▸ YOUR ASSIGNMENT: Retype the listing below line for line, but only from the line with "讓大家普遍覺得更了不起的是他的口琴。這位70歲的老人數次用口琴震撼全場。在演唱spirit on the" down to the line with "for 1980, 28in.", inclusive. Pictures stay out.

▸ RECORDED INFORMATION:
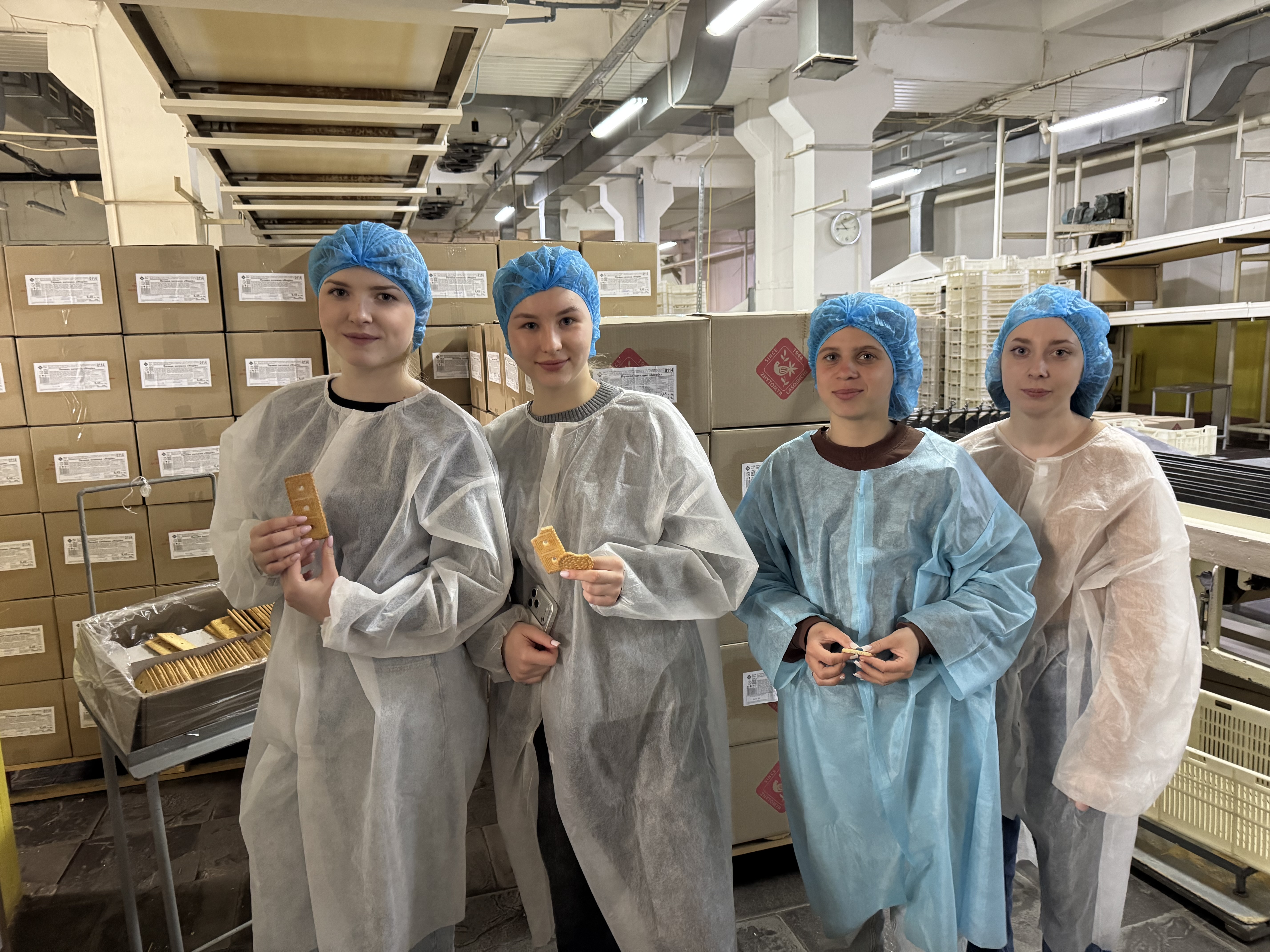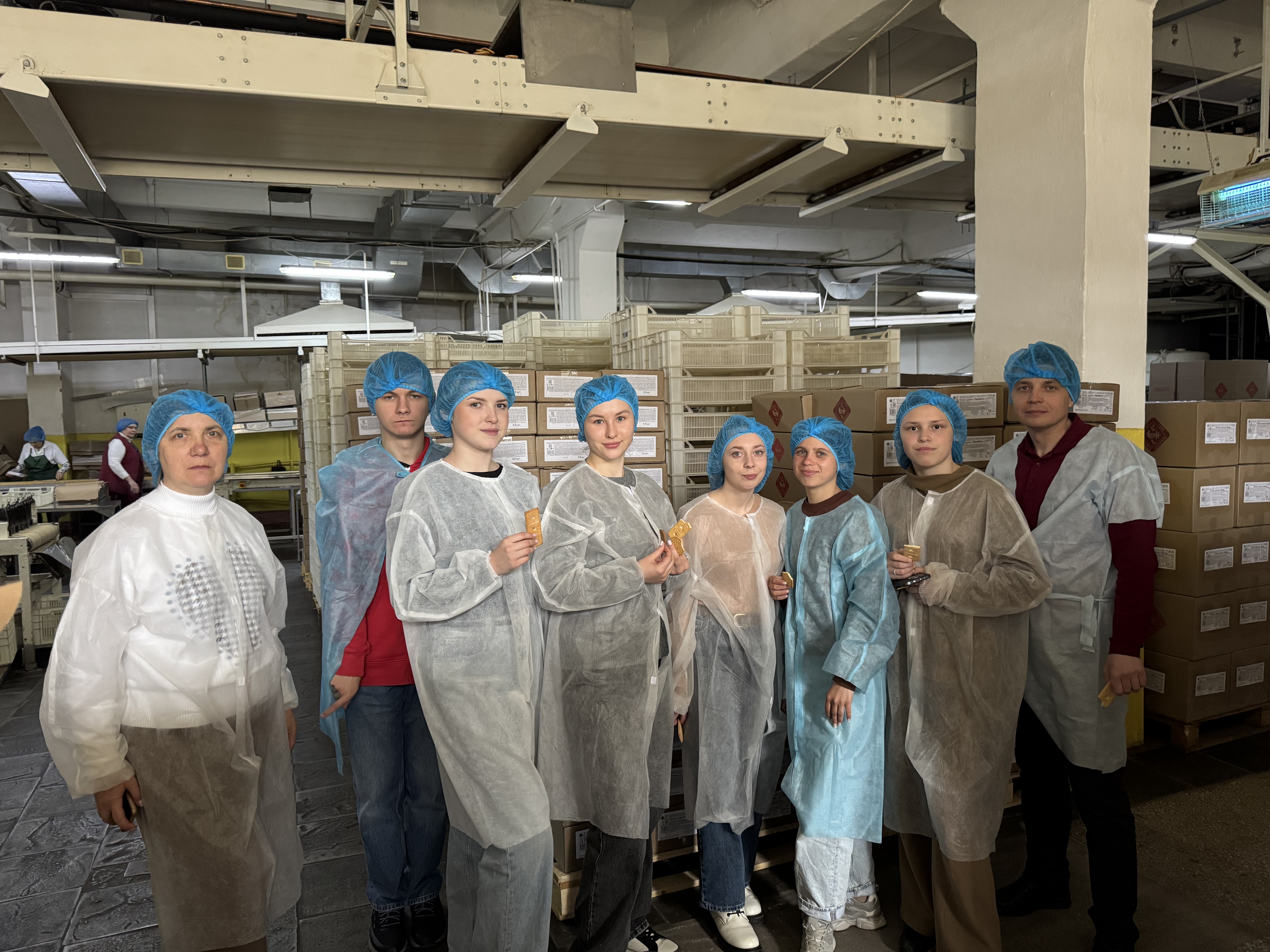 Під час екскурсії майбутні технологи отримали неймовірну можливість у режимі реального часу вивчити роботу автоматизованих ліній, спостерігаючи за автоматизованими процесами виробництва печива та цукерок у різних цехах підприємства, ознайомитися з організацією контролю якості, що реалізується на основі впроваджених інтегрованих систем управління безпечністю харчових продуктів відповідно до міжнародних стандартів ISO 22000 та FSSC 22000, поспостерігати за роботою сучасного пакувального обладнання, дізнатися про нові рецептури, зокрема лінійку дієтичних продуктів без цукру, а також поспілкуватися з різного рівня фахівцями підприємства.
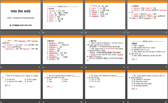 关键词:外研版高中英语必修一PPT课件免费下载,Into the wildPPT下载,.PPT格式;
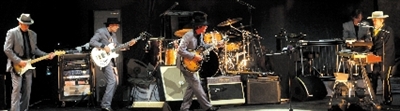 讓大家普遍覺得更了不起的是他的口琴。這位70歲的老人數次用口琴震撼全場。在演唱spirit on the water時我覺得樂隊和迪倫的表演脫節了,但只要老迪倫的嘴唇濡濕了他那富有魔力的口琴,觀眾的情緒立刻被點燃,正如歌中所唱的:我們可以盡興。他們是主宰,就站在那里,不遠不近,迎接我們的熱情,不離不棄。(蘇巴鴻)
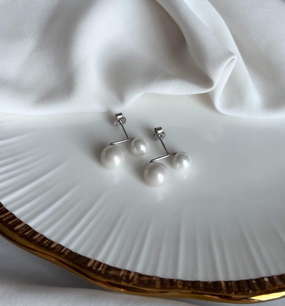 Klasszikus elegancia modern csavarral. Ez a S925 sterling ezüstből készült fülbevaló különleges, két gyöngyhatású gömbből álló kialakítással rendelkezik.. A letisztult rúd modern, kifinomult megjelenést kölcsönöz a fülbevalónak.
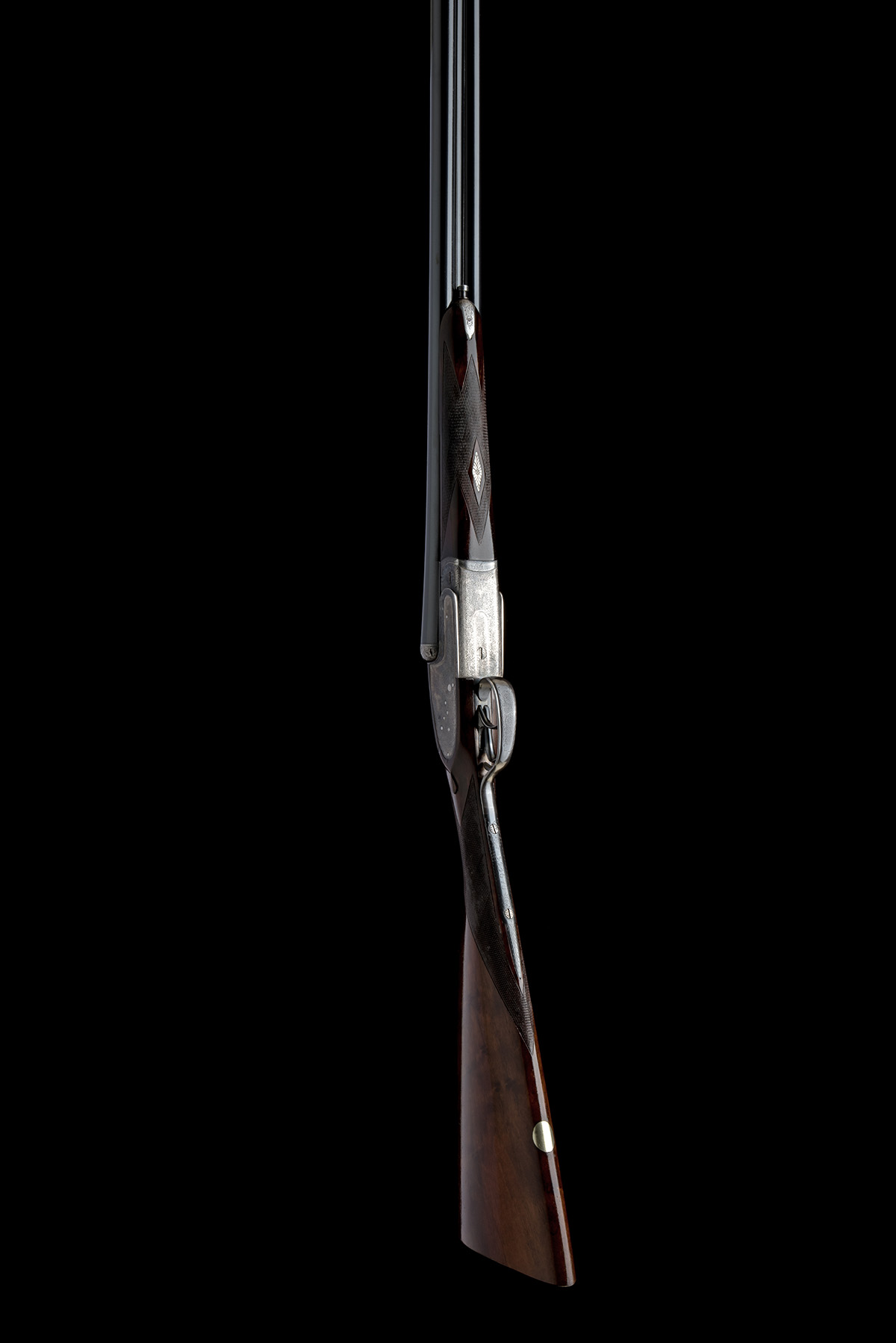 for 1980, 28in. nitro chopperlump barrels, 2 3/4in. chambers, bored approx. true cyl. and 1/4 choke, minor bulging at muzzles, engraved arcaded fences, removable striker discs, automatic safety, hand-detachable lockplates, gold-inlaid cocking-indicators, articulated front trigger, rolled-edge triggerguard, acanthus scroll engraving, retaining some original colour-hardening and finish, 14 1/4in. stock, weight 6lb. 6oz., with a green nylon slip
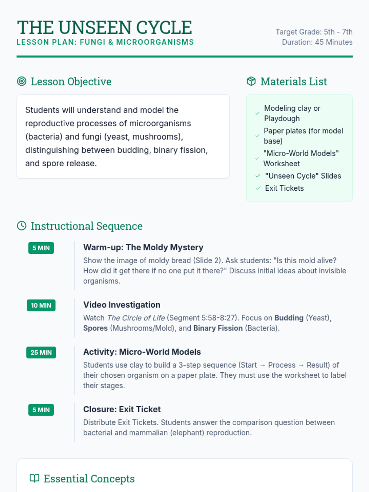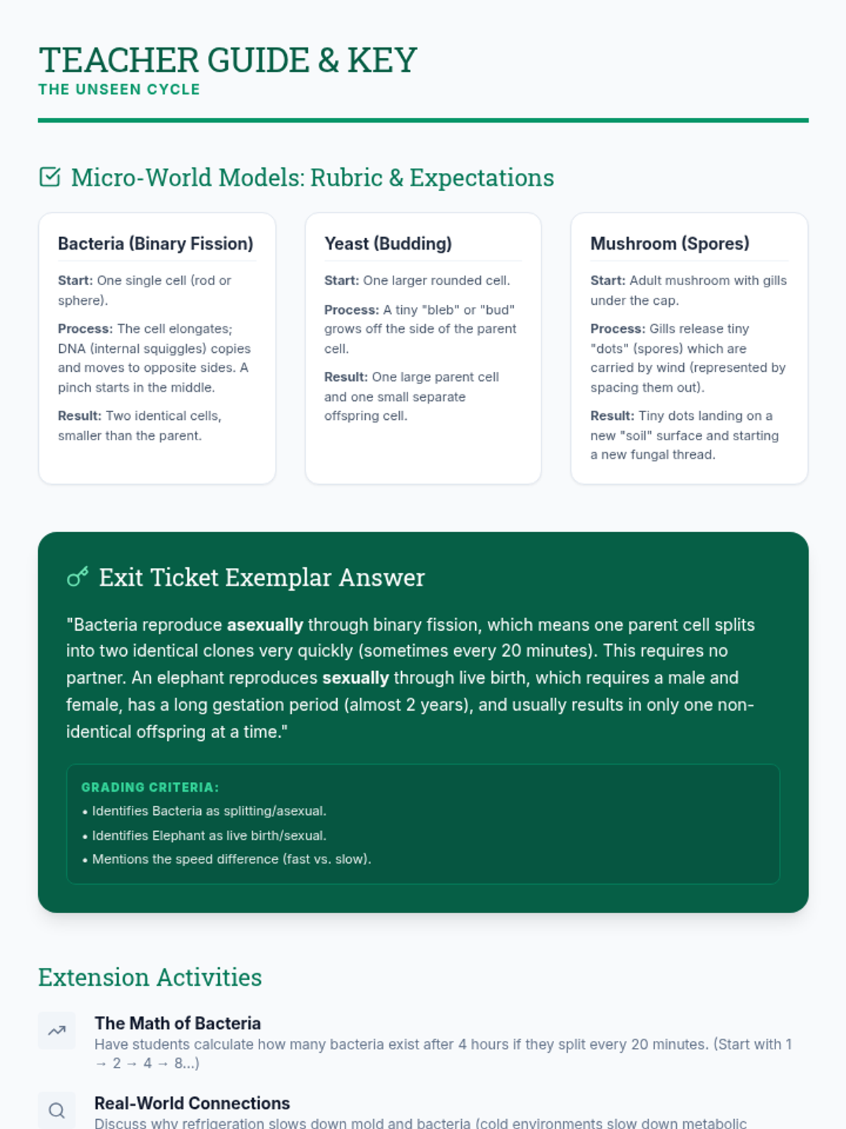 A lesson exploring the rapid and fascinating reproductive methods of fungi and microorganisms like bacteria and yeast, featuring a hands-on modeling activity.
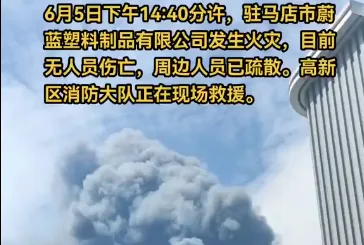 唐人日报6月11日讯:河南驻马店市高新区蔚蓝塑料制品有限公司突发火灾。火情发生后,现场迅速升起浓烟,火势蔓延迅猛,引发周边群众关注。目前,驻马店高新区消防大队已第一时间赶赴现场展开扑救和处置工作。
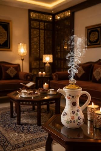 - ✅【تصميم تراثي أصيل】تتمتع المبخرة بشكل دلة عربية تقليدية مستوحاة من الفن التراثي، حيث يجمع التصميم بين الطابع الكلاسيكي والأناقة العصرية، مما يمنح المجالس والطاولات لمسة ثقافية جذابة، ويعكس جمال الحضارة العربية في كل تفاصيل المبخرة، لتكون قطعة جمالية عملية تضيف دفء وأناقة على أي مساحة تستخدم فيها بشكل يومي أو احتفالي. 🏺
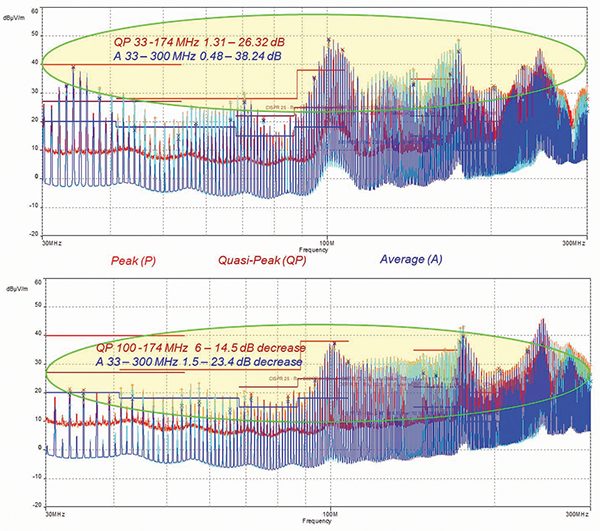 Average detector: Capacitors eliminated failures in the frequency range 42 – 100 MHz. In the frequency range 150 – 300 MHz, multiple failures were eliminated, and the remaining ones decreased by 2 – 10 dB.

▸ ANSWER FOR THIS EXERCISE:
 讓大家普遍覺得更了不起的是他的口琴。這位70歲的老人數次用口琴震撼全場。在演唱spirit on the water時我覺得樂隊和迪倫的表演脫節了,但只要老迪倫的嘴唇濡濕了他那富有魔力的口琴,觀眾的情緒立刻被點燃,正如歌中所唱的:我們可以盡興。他們是主宰,就站在那里,不遠不近,迎接我們的熱情,不離不棄。(蘇巴鴻)
 Klasszikus elegancia modern csavarral. Ez a S925 sterling ezüstből készült fülbevaló különleges, két gyöngyhatású gömbből álló kialakítással rendelkezik.. A letisztult rúd modern, kifinomult megjelenést kölcsönöz a fülbevalónak.
 for 1980, 28in. nitro chopperlump barrels, 2 3/4in. chambers, bored approx. true cyl. and 1/4 choke, minor bulging at muzzles, engraved arcaded fences, removable striker discs, automatic safety, hand-detachable lockplates, gold-inlaid cocking-indicators, articulated front trigger, rolled-edge triggerguard, acanthus scroll engraving, retaining some original colour-hardening and finish, 14 1/4in. stock, weight 6lb. 6oz., with a green nylon slip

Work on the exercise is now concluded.